__PROBLEM DETAILS__. What you produce should be an exact transcription of the data, minus any pictures.

(Beginning of DATA RECORDS)

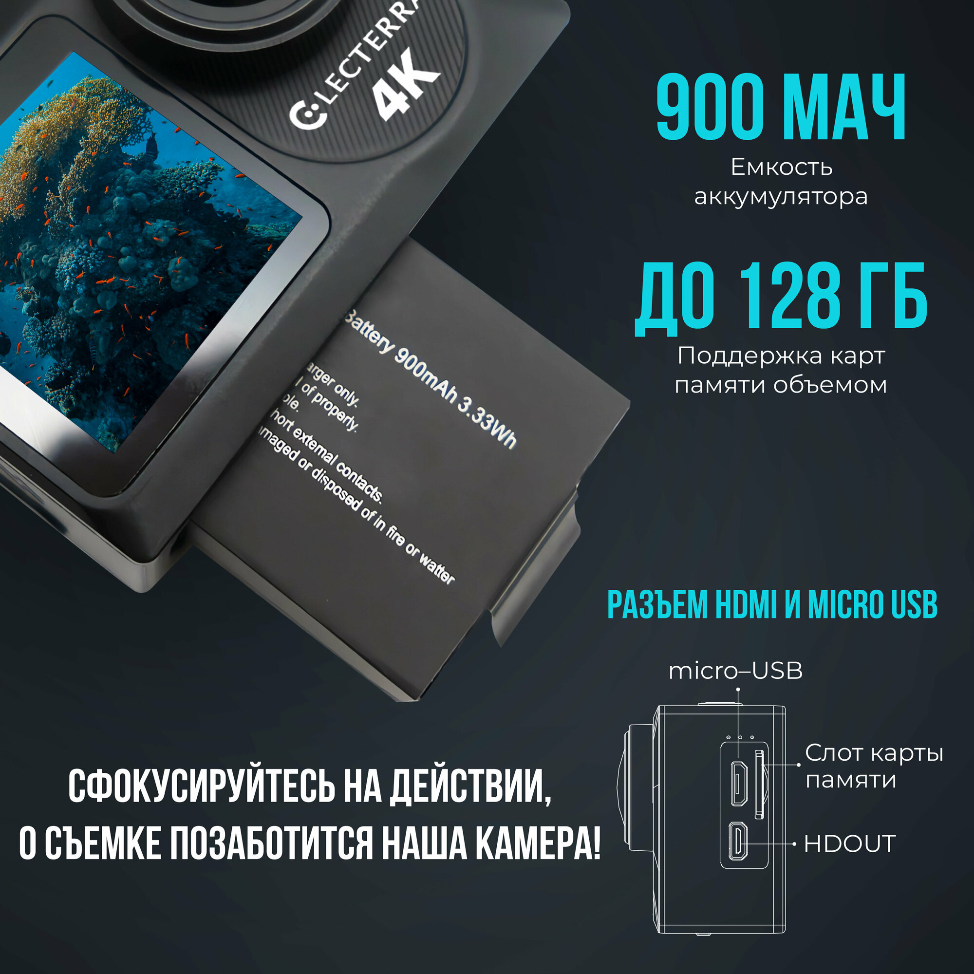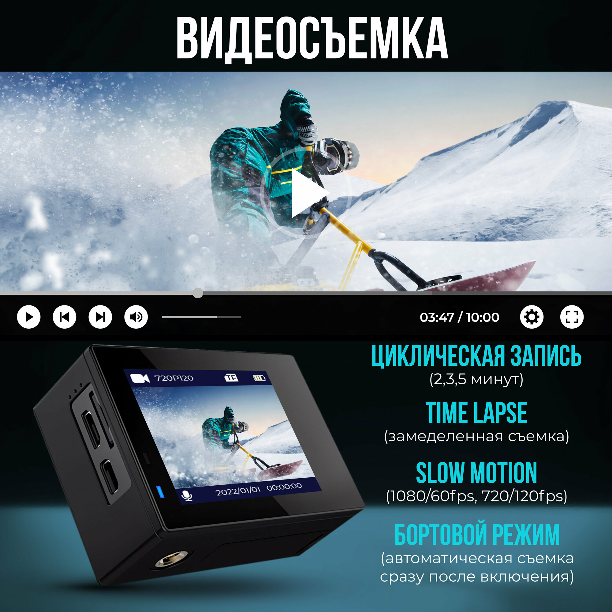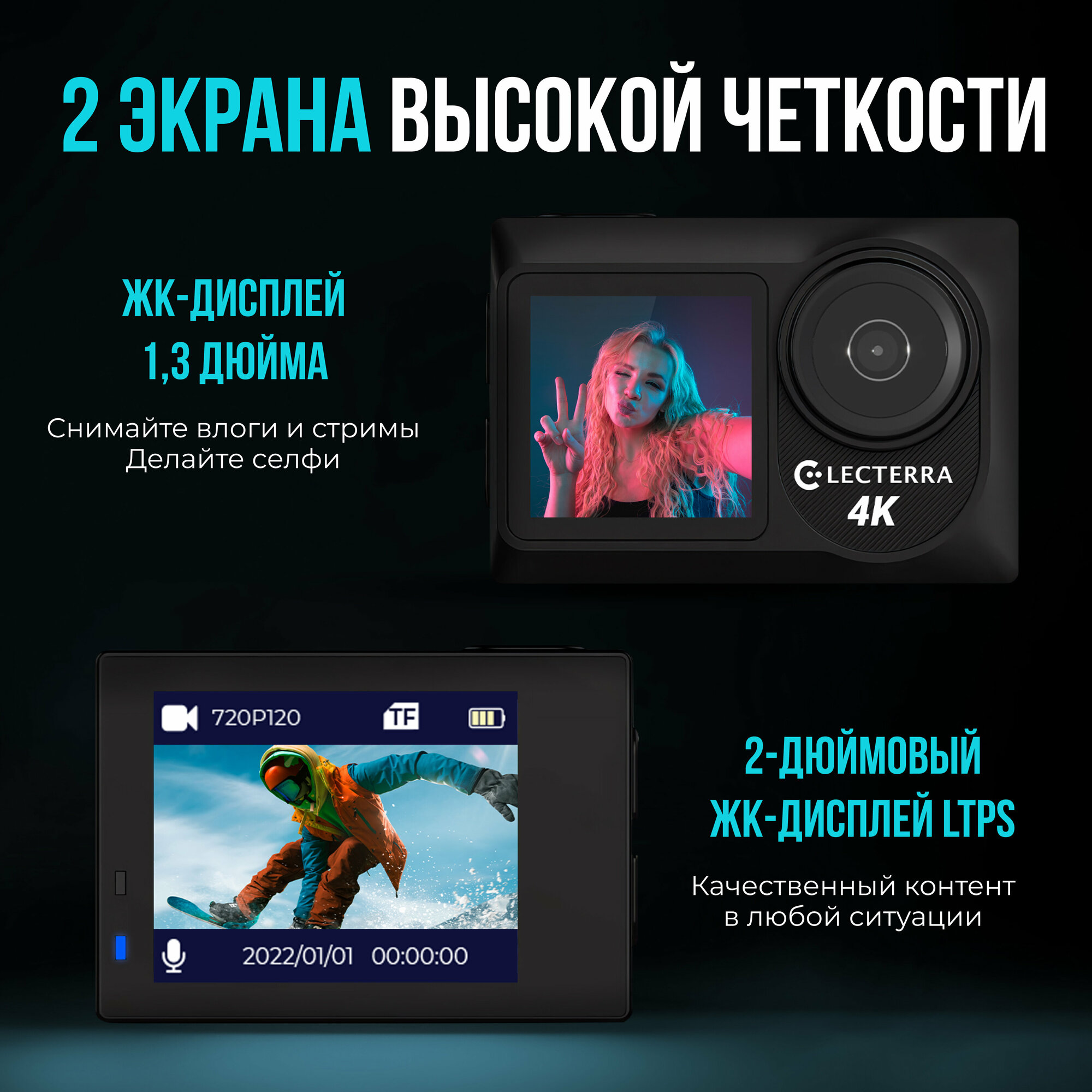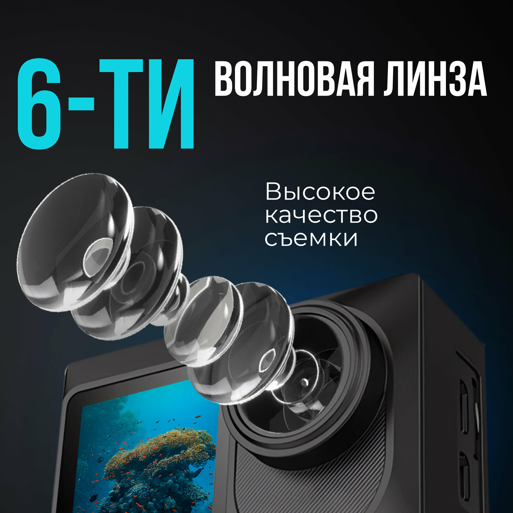 Купить Экшн камера 4К, 2 экрана, водонепроницаемый кейс, крепления
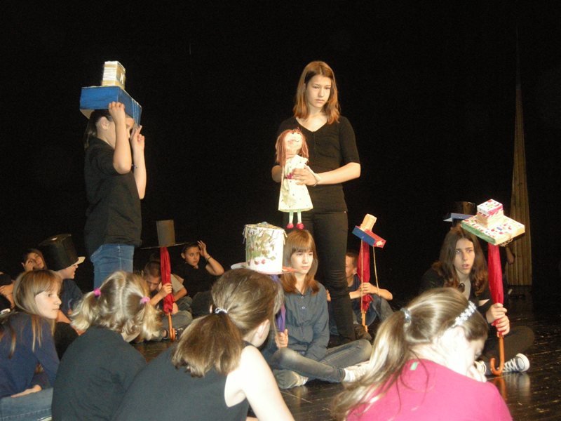 On Friday, they were making masks and puppets the whole day, on Saturday the decided on the roles and practiced and on Sunday they already showed results of their work. A performance “A balloon can also be my umbrella” resulted from the workshop, while children played it to audience who filled in theatre Jazavac. A fairytale by Ela Peroci took us to the Land of Hats. More than 30 children made a performance accompanied by music – one could hear sounds of accordion, guitar and violin. Photographs can tell more than words although it is rather difficult to describe what the children had to make and learn in order to make the performance.
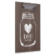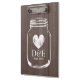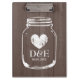 Prancheta chique do casamento do frasco de pedreiro do país rústico. O conselho de grampo de madeira do painel da grão de Brown para o planejador wedding/planeamento. Monograma de Personalizable com letras iniciais dos namen dos noivos mais a data do casamento. Design monogrammed do vintage bonito para o jardim do verão/celeiro que wedding em julho, august, setembro exteriores etc.
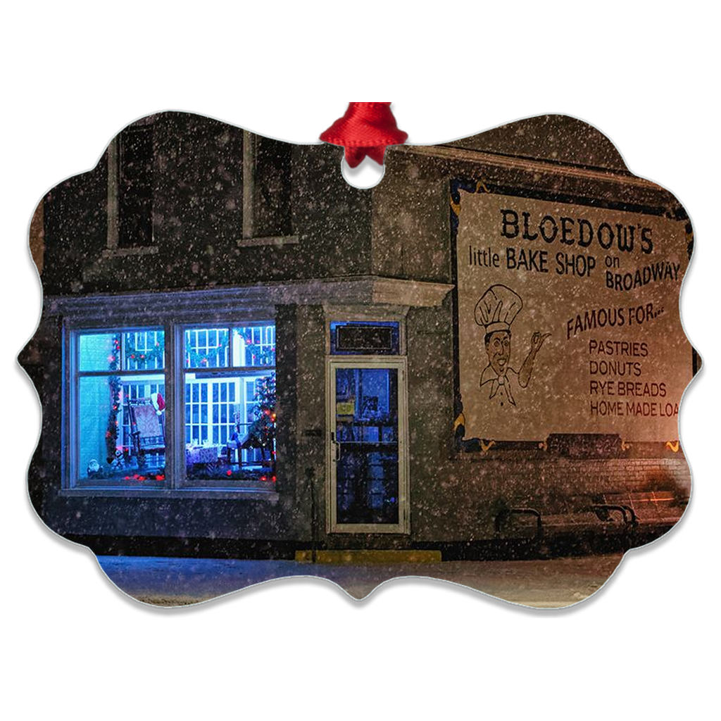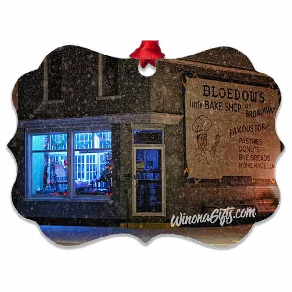 Smooth aluminum ornament is double-sided and features a favorite Winona bakery scene on both sides of ornament. Dimensions are approximately 4" x 3". Wipe clean with non-abrasive cleaning pad and mild soap or surface cleaner as needed. Hanging ribbon included.
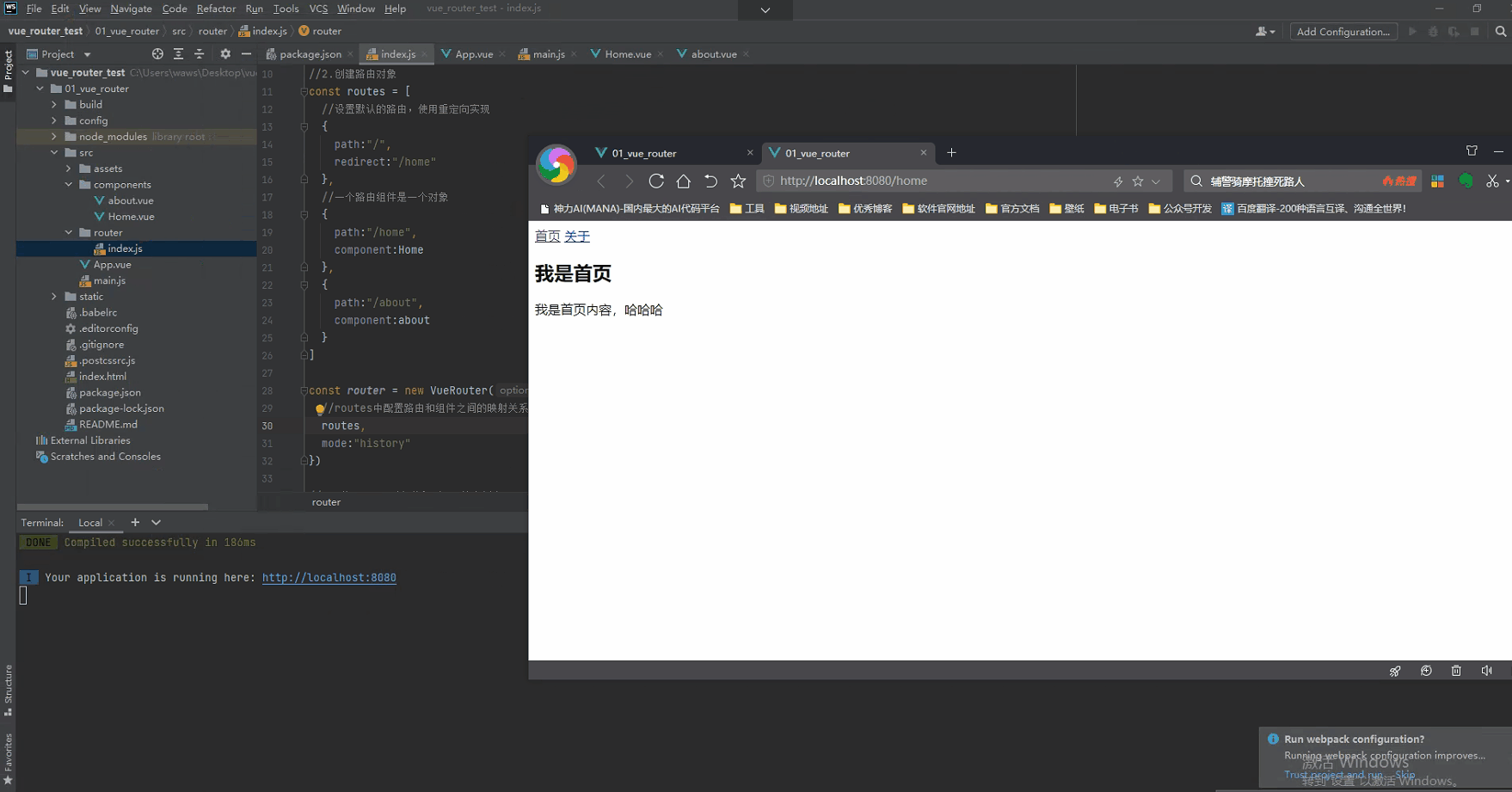 <router-view>渲染首页组件呢?- 非常简单, 我们只需要配置多配置一个映射就可以了
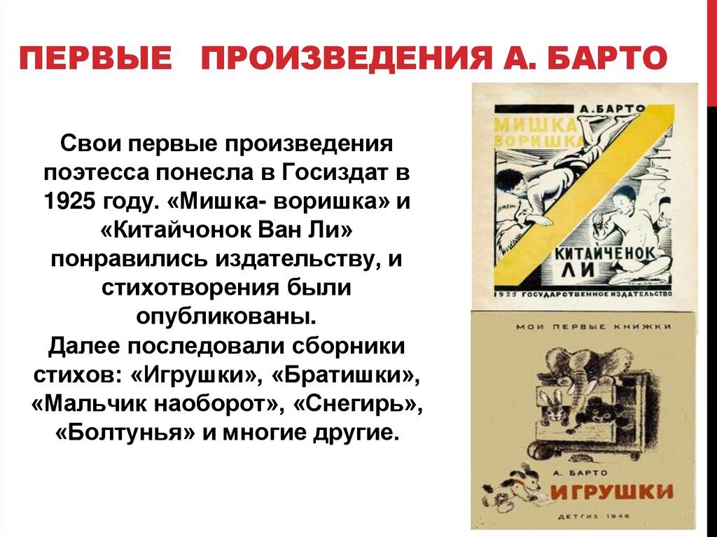 6. ПЕРВЫЕ ПРОИЗВЕДЕНИЯ А. БАРТО
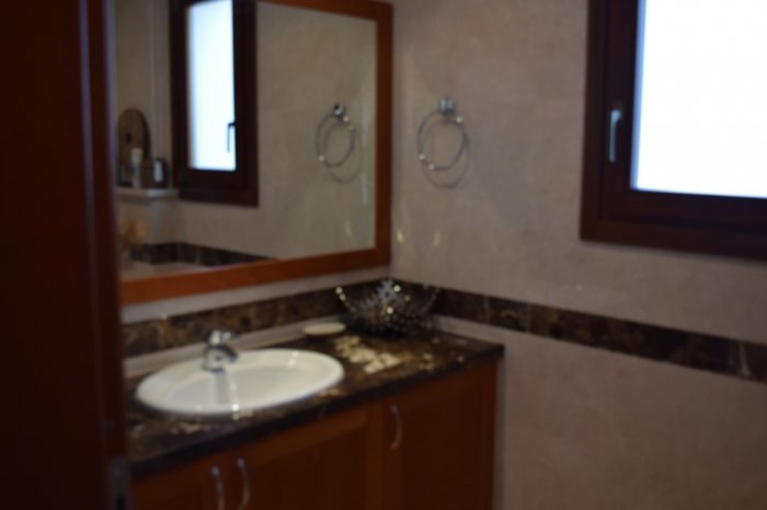 The luxury Italian kitchen is made of hard wood with granite worktops. It is fully equipped and includes extras such as a dishwasher, an ice maker and blender. There is also an island in the middle with oven and hob. The family dining table seats 8 and is close to the doors that open up to the patio and garden. There is a WC on the ground floor just off the lounge.
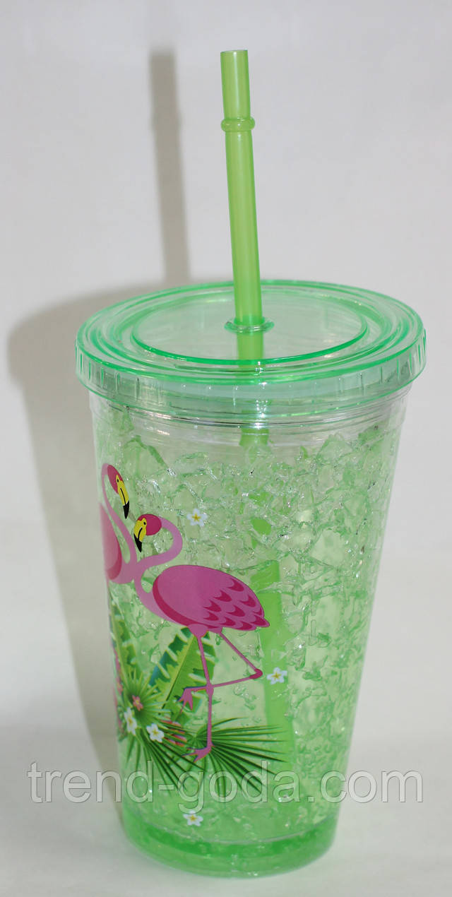 Термо-стакан пластик з кришкою і трубочкою, салатовий, малюнок фламінго
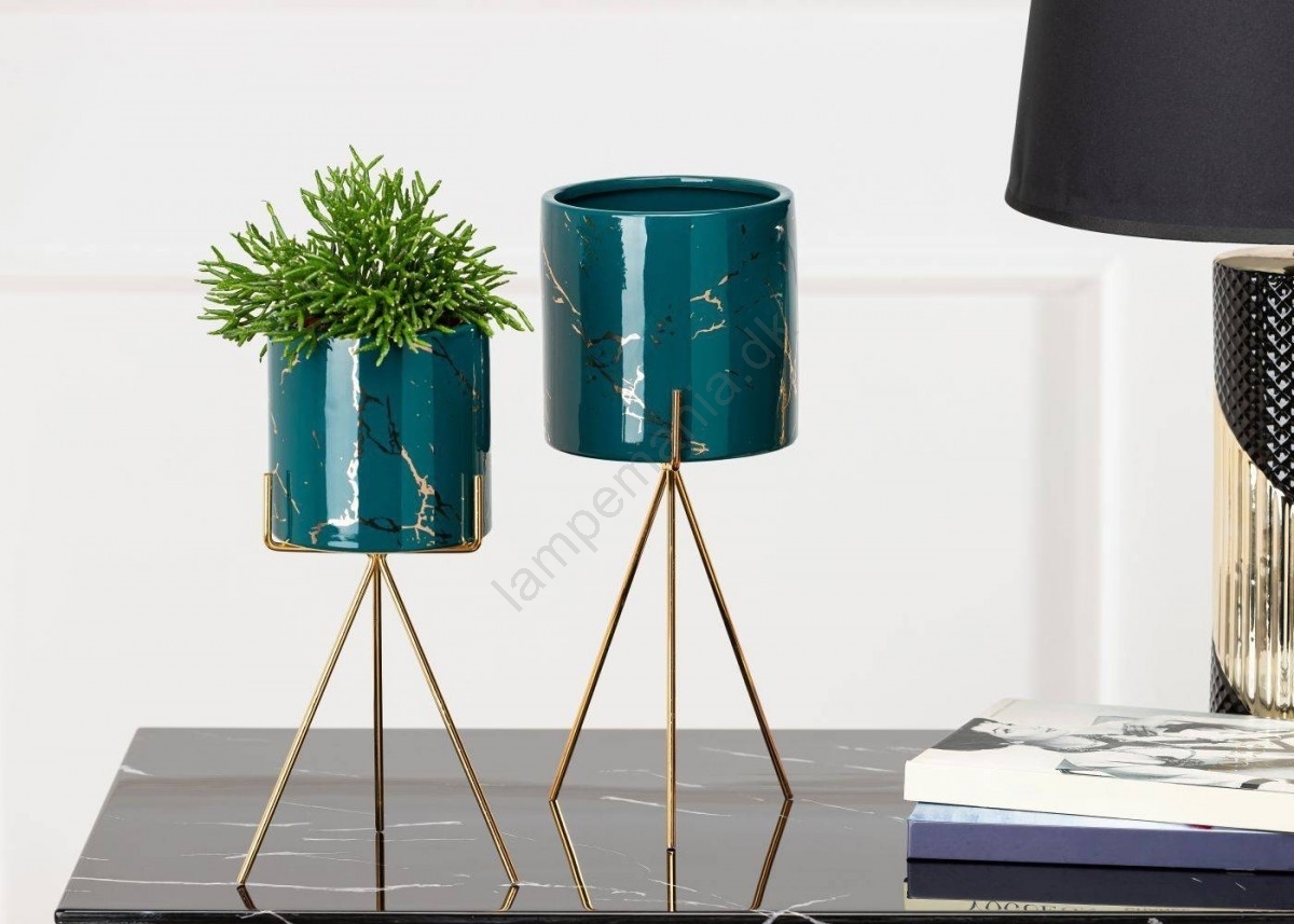 Keramisk blomsterkrukke EMMA 32,5x13 cm grøn/guldfarvet
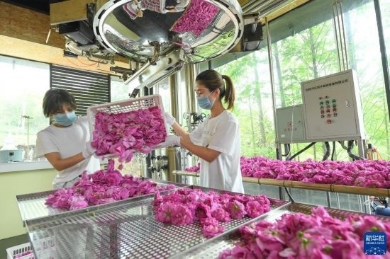 4月20日,工作人員處理剛采摘的玫瑰花,準(zhǔn)備烘干。

(End of DATA RECORDS)

__YOUR RESPONSE__.
 Купить Экшн камера 4К, 2 экрана, водонепроницаемый кейс, крепления
 On Friday, they were making masks and puppets the whole day, on Saturday the decided on the roles and practiced and on Sunday they already showed results of their work. A performance “A balloon can also be my umbrella” resulted from the workshop, while children played it to audience who filled in theatre Jazavac. A fairytale by Ela Peroci took us to the Land of Hats. More than 30 children made a performance accompanied by music – one could hear sounds of accordion, guitar and violin. Photographs can tell more than words although it is rather difficult to describe what the children had to make and learn in order to make the performance.
 Prancheta chique do casamento do frasco de pedreiro do país rústico. O conselho de grampo de madeira do painel da grão de Brown para o planejador wedding/planeamento. Monograma de Personalizable com letras iniciais dos namen dos noivos mais a data do casamento. Design monogrammed do vintage bonito para o jardim do verão/celeiro que wedding em julho, august, setembro exteriores etc.
 Smooth aluminum ornament is double-sided and features a favorite Winona bakery scene on both sides of ornament. Dimensions are approximately 4" x 3". Wipe clean with non-abrasive cleaning pad and mild soap or surface cleaner as needed. Hanging ribbon included.
 <router-view>渲染首页组件呢?- 非常简单, 我们只需要配置多配置一个映射就可以了
 6. ПЕРВЫЕ ПРОИЗВЕДЕНИЯ А. БАРТО
 The luxury Italian kitchen is made of hard wood with granite worktops. It is fully equipped and includes extras such as a dishwasher, an ice maker and blender. There is also an island in the middle with oven and hob. The family dining table seats 8 and is close to the doors that open up to the patio and garden. There is a WC on the ground floor just off the lounge.
 Термо-стакан пластик з кришкою і трубочкою, салатовий, малюнок фламінго
 Keramisk blomsterkrukke EMMA 32,5x13 cm grøn/guldfarvet
 4月20日,工作人員處理剛采摘的玫瑰花,準(zhǔn)備烘干。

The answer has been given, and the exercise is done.